Bolan looked at the old car, which was parked near the entrance to the parking lot. He could see the two hardmen.
"They're just the doormen," she said. "Look at the maroon van over by the door. More firepower in there. Then around back. There'll be guys patrolling. I tell you, Mike, these guys expect trouble and are ready for it."

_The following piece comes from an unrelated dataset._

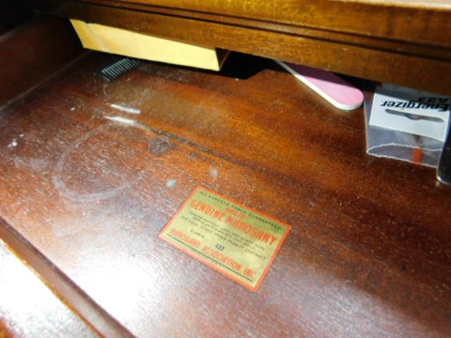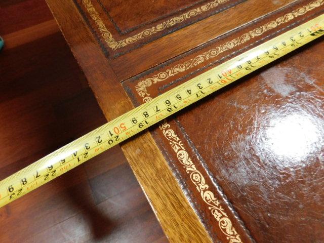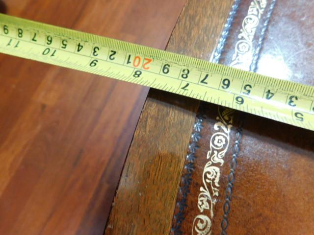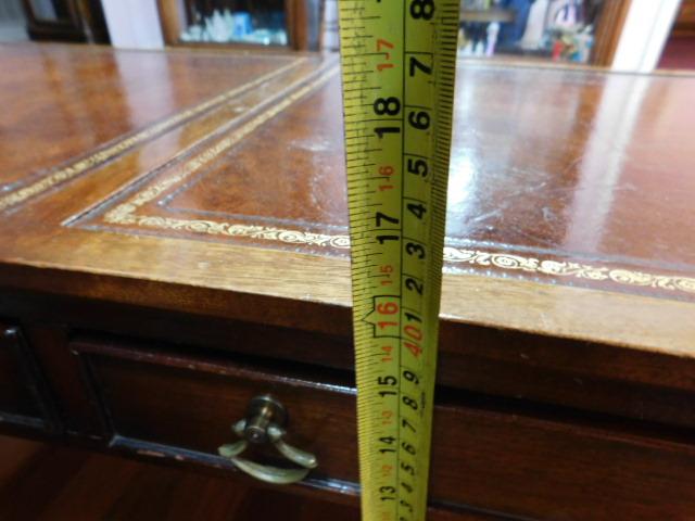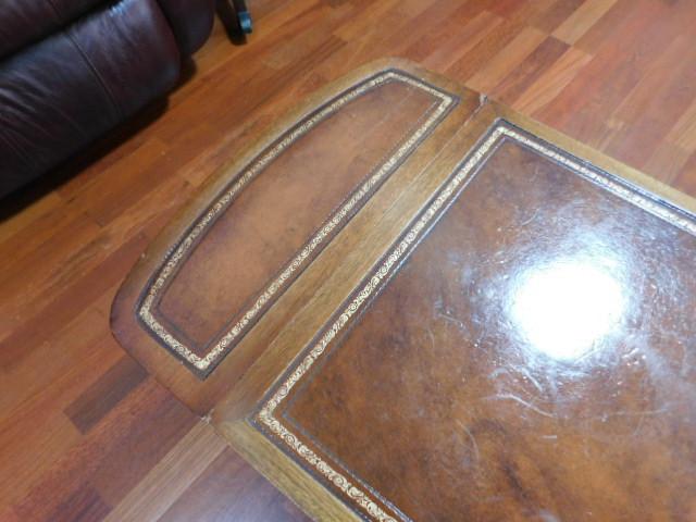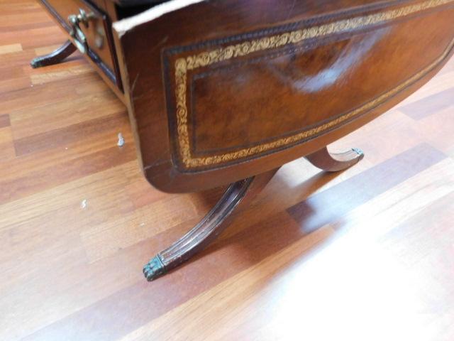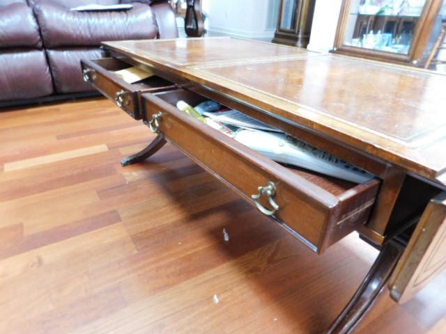 Antique Duncan Phyfe Mahogany Leather Top Double Drawer Drop Leaf Coffee Table expect some wear or scratches to the finish. One stretcher arm is broken underneath table and one leaf corner is chipped as shown.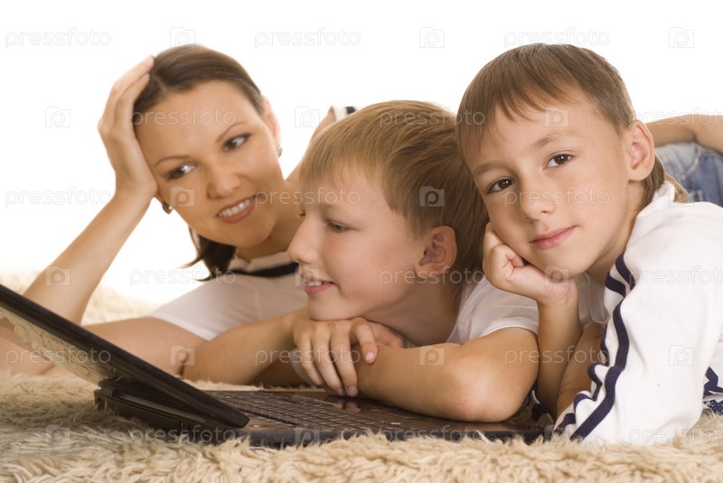Мама с сыновьями на ковре с ноутбуком

"So do I," he replied, "and so am I."
"Yeah, I can see you are."
She had watched in awe as he'd armed himself earlier. He was carrying a silenced Beretta 93-R in harness under his left arm, and a.44 Magnum Desert Eagle rode his right hip. He wore a pair of blue jeans, a black T-shirt and a black oversized nylon jacket that covered his two holsters. Anyone who looked at him up close or in good light would see a heavily armed man. Someone who gave him a casual glance at a distance or in poor light wouldn't see anything unusual.
"I'll drive you to another road," she said. "I can show you where there's only a hundred yards or so between the roads, and you can come up over a small hill and down on Harry's just by working your way through the woods. There's a fence, but it's nothing much. As I said before, there'll be a guard or two around the back of the building, but most of the heat's out front."

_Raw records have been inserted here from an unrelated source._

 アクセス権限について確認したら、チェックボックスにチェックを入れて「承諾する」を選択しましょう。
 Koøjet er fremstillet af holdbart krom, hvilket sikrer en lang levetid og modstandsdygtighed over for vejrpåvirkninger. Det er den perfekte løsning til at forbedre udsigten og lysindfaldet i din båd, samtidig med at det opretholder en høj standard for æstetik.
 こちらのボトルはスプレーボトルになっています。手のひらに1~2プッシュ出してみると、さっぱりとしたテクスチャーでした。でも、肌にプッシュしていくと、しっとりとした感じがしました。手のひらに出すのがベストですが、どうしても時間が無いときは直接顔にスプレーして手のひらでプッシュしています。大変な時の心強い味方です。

"When'd you do the recon?" Bolan asked.
"I've checked out this place before."
"Not from the inside, I suppose."
"No. I can't help you there. I've never been honored with an invitation. Harry's is strictly a men's club."
She turned right at the intersection of two roads. The second road followed another little valley. After a minute or so she pulled the car to the side of the road and switched off the lights.
"Right over the top of the hill," she instructed. "When you get to the top, you can see down on the place."
"Right. Give me thirty minutes. If I'm not back, go home."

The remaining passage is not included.